**What needs to be done**
Whenever the word "cette" turns up in a line below, that line should be copied.

(Beginning of Data for review)

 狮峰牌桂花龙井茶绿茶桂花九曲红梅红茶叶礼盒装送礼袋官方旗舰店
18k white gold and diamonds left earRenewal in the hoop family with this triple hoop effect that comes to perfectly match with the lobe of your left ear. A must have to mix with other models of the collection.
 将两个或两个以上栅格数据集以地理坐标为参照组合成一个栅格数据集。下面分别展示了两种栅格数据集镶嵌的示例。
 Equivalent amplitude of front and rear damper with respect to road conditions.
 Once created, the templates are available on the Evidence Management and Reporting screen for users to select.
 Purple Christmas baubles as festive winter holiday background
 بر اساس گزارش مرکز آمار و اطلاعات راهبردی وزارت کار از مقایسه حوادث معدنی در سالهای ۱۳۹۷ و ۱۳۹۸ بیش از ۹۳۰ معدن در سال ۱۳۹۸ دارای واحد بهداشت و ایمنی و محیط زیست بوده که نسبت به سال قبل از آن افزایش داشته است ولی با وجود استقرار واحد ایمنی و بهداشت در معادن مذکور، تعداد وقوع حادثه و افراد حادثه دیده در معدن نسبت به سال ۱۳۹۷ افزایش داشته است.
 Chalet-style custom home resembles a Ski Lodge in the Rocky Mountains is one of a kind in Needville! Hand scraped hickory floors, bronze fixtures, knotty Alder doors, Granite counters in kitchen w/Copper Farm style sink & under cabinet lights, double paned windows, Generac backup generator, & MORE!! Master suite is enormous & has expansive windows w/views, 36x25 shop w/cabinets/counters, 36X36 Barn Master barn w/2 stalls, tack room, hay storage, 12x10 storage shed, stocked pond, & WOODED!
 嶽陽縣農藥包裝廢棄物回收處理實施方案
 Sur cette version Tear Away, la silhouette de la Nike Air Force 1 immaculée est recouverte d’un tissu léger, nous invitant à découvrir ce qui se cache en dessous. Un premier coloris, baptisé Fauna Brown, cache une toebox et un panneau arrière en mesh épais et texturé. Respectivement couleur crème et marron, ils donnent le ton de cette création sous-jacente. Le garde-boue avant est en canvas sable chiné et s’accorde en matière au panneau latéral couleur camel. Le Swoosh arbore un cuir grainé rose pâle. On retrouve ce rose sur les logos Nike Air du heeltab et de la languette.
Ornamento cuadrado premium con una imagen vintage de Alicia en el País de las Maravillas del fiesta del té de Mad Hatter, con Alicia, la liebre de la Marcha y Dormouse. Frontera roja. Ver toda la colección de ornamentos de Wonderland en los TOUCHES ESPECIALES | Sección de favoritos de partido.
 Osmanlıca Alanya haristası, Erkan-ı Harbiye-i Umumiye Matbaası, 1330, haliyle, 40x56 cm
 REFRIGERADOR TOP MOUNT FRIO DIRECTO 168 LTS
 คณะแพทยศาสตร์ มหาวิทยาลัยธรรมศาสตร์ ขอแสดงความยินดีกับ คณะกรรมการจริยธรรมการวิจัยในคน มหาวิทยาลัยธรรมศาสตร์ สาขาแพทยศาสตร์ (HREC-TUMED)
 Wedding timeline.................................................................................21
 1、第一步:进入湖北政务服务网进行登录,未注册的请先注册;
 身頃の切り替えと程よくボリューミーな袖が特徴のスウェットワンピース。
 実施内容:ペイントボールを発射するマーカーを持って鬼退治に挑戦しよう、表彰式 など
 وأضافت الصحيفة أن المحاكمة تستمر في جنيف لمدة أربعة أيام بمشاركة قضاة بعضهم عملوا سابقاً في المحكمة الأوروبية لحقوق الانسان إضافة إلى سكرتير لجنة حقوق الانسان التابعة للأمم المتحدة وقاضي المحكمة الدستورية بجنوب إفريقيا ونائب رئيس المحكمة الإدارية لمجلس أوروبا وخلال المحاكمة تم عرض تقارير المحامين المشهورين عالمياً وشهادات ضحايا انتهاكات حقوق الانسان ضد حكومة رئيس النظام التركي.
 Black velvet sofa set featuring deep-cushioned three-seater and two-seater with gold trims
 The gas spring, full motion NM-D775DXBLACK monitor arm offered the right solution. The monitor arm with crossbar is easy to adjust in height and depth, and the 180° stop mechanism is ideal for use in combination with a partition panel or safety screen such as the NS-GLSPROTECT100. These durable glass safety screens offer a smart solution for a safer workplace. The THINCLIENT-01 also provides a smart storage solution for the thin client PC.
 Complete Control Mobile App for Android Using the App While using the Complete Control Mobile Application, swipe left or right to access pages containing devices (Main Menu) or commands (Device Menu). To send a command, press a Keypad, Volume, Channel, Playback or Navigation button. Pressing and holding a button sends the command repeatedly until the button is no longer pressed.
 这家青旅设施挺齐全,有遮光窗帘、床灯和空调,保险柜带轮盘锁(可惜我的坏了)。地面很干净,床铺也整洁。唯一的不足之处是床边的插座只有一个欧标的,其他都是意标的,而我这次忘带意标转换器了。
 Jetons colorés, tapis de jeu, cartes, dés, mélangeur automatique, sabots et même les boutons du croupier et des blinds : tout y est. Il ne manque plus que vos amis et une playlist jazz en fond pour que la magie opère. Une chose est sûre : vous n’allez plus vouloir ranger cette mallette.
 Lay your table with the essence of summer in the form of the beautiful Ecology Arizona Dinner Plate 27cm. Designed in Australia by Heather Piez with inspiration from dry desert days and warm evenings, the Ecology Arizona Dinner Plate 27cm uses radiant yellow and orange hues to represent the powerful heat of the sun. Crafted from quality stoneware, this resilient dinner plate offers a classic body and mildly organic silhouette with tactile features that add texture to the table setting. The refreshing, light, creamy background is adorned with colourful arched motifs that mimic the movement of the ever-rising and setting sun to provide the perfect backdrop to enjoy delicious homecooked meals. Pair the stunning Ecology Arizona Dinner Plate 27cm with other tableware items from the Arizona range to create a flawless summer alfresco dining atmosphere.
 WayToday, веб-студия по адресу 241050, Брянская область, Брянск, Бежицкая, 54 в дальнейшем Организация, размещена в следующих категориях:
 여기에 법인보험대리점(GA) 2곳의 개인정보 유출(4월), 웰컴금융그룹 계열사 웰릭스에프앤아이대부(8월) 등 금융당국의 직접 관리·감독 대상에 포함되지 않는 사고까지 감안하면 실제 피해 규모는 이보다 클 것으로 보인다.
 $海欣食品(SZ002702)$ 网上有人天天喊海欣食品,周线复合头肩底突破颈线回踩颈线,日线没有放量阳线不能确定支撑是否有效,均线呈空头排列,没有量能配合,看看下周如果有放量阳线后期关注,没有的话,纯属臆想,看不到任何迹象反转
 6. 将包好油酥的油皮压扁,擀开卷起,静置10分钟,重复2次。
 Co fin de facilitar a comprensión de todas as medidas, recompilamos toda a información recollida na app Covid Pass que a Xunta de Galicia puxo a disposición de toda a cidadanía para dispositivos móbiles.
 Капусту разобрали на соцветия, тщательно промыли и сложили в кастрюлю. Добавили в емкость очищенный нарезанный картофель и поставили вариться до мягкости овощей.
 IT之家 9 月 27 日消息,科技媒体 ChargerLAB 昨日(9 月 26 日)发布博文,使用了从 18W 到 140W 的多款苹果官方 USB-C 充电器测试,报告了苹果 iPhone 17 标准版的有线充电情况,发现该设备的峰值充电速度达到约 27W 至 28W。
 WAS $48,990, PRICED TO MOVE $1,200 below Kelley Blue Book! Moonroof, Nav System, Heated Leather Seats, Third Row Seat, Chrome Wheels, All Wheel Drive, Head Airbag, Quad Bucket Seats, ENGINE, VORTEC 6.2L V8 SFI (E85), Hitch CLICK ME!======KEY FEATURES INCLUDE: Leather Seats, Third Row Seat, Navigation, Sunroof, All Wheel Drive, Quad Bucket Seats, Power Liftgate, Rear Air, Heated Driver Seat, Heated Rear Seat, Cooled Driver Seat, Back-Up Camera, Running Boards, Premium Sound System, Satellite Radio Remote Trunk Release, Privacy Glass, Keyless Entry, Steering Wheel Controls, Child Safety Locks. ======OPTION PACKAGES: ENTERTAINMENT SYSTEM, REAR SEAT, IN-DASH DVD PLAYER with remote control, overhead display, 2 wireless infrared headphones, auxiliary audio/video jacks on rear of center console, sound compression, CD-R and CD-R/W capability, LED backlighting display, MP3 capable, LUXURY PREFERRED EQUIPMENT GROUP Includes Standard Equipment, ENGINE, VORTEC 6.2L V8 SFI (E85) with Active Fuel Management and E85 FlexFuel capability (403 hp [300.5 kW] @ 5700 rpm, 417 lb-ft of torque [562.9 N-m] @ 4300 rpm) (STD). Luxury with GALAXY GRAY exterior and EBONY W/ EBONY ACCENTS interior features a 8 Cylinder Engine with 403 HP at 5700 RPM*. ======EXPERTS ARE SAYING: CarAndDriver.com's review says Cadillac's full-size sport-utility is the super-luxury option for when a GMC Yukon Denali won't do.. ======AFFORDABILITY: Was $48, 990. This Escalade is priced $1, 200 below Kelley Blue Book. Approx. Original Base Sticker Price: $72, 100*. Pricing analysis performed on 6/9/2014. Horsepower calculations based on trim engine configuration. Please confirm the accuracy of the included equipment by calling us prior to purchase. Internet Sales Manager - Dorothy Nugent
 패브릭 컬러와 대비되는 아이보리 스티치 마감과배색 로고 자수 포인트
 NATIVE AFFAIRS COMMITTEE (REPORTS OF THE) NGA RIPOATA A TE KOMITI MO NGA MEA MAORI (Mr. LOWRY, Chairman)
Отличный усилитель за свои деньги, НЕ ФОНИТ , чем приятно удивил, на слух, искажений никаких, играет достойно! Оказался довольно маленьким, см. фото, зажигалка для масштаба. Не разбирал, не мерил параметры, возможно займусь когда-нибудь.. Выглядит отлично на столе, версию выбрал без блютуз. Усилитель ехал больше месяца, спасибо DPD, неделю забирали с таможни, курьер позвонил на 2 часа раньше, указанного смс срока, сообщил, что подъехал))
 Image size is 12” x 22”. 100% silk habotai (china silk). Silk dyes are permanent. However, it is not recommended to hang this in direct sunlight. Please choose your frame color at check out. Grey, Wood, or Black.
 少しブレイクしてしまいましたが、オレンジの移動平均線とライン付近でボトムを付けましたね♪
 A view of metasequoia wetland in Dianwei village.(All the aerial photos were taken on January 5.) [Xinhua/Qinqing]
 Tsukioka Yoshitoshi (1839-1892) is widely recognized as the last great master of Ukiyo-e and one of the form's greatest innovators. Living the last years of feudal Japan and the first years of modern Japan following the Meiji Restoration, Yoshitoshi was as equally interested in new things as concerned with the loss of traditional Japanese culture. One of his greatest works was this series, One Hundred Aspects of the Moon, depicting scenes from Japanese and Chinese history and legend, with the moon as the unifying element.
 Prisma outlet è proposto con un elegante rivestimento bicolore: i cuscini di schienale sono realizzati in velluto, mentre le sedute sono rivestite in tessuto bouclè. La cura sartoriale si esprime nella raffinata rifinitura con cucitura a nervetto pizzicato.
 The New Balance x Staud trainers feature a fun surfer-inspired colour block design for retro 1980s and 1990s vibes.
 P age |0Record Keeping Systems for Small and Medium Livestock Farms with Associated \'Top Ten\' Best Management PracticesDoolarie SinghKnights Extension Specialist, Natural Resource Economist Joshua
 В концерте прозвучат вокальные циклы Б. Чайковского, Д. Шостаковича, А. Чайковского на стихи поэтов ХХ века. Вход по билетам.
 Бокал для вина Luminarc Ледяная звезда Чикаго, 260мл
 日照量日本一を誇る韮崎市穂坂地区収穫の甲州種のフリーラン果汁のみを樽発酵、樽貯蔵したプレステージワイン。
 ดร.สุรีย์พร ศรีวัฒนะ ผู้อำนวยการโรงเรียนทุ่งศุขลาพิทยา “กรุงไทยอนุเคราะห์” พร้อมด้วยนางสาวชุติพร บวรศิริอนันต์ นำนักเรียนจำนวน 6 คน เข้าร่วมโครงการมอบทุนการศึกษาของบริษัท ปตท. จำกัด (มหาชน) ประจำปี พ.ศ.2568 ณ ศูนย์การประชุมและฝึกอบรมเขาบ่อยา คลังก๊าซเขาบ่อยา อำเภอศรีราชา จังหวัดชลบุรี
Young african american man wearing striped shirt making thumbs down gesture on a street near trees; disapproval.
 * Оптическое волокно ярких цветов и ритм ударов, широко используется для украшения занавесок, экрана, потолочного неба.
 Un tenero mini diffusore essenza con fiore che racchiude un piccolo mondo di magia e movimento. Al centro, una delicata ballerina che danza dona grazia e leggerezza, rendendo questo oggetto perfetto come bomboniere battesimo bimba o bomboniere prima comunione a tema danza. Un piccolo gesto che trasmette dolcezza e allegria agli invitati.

(End of Data for review)

**The answer**
 Sur cette version Tear Away, la silhouette de la Nike Air Force 1 immaculée est recouverte d’un tissu léger, nous invitant à découvrir ce qui se cache en dessous. Un premier coloris, baptisé Fauna Brown, cache une toebox et un panneau arrière en mesh épais et texturé. Respectivement couleur crème et marron, ils donnent le ton de cette création sous-jacente. Le garde-boue avant est en canvas sable chiné et s’accorde en matière au panneau latéral couleur camel. Le Swoosh arbore un cuir grainé rose pâle. On retrouve ce rose sur les logos Nike Air du heeltab et de la languette.
 Jetons colorés, tapis de jeu, cartes, dés, mélangeur automatique, sabots et même les boutons du croupier et des blinds : tout y est. Il ne manque plus que vos amis et une playlist jazz en fond pour que la magie opère. Une chose est sûre : vous n’allez plus vouloir ranger cette mallette.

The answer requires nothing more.